Anna: Yes. I’m really grateful to her for showing me — I think a lot of us have that thing where it’s like, who am I to think I could write a book? I’m now always telling people, who are you not to? I didn’t understand that I could own that desire. It just seemed like a dream for someone else. That’s why I encourage everyone. I think everyone’s got a book in them. I don’t think everyone should write the book themselves, but I think everyone’s got a book in them.

Zibby: You think they should get ghostwriters?

Anna: Depends. A writer, to me, is someone who writes every day, a lot of the day, and has for many years. What I tell people is, if you don’t do that, then somebody who does do that is going to do a better job than you. It’s really about, do you want the experience of writing a book, or do you want the best book you can have? People land on different sides of that.

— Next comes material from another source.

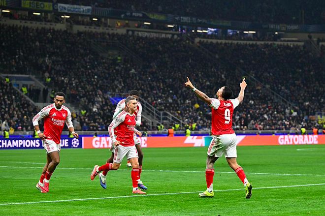 最终,在这场意甲和英超的巅峰对决中,国米主场1-3负于阿森纳,枪手7战全胜领跑。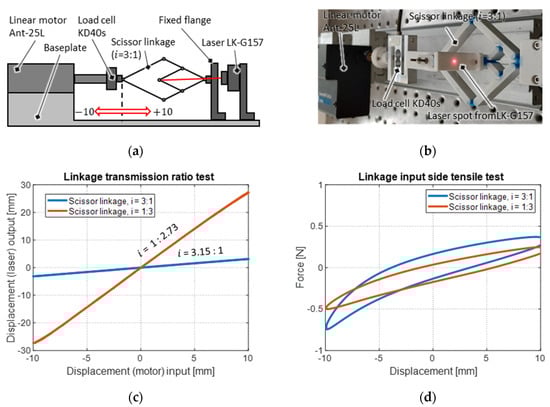 Illustration of the setup for the characterization of the scissor linkage mechanisms: (a) schematic, (b) photo, (c) measurement results for the stroke transmission factor, (d) results for the reaction force measured on the input side.

Zibby: Interesting. It’s true. The more you practice anything, the better you’ll get, but no matter how much you work, if you have no talent at writing, it will still be a challenge for you.

Anna: It’s true, but the best writers I know are the ones who do it the most. I have a writing group that I started during the pandemic that’s still going. It’s called The Inner Circle. They log on every day at ten AM Pacific Time to write. One of my team members manages it. When we started and I started to read their stuff, I was like, it’s good they have a dream. A year later, they are really good. They’re not getting taught. They’re just doing it every day. It’s pretty amazing.

Zibby: That is amazing. It’s such a good reminder and lesson. Also, chances are, the people who are writing every day enjoy it the most. Maybe not, but if you find yourself writing every day for years, you probably don’t mind it, or you have nothing else that you can do at all.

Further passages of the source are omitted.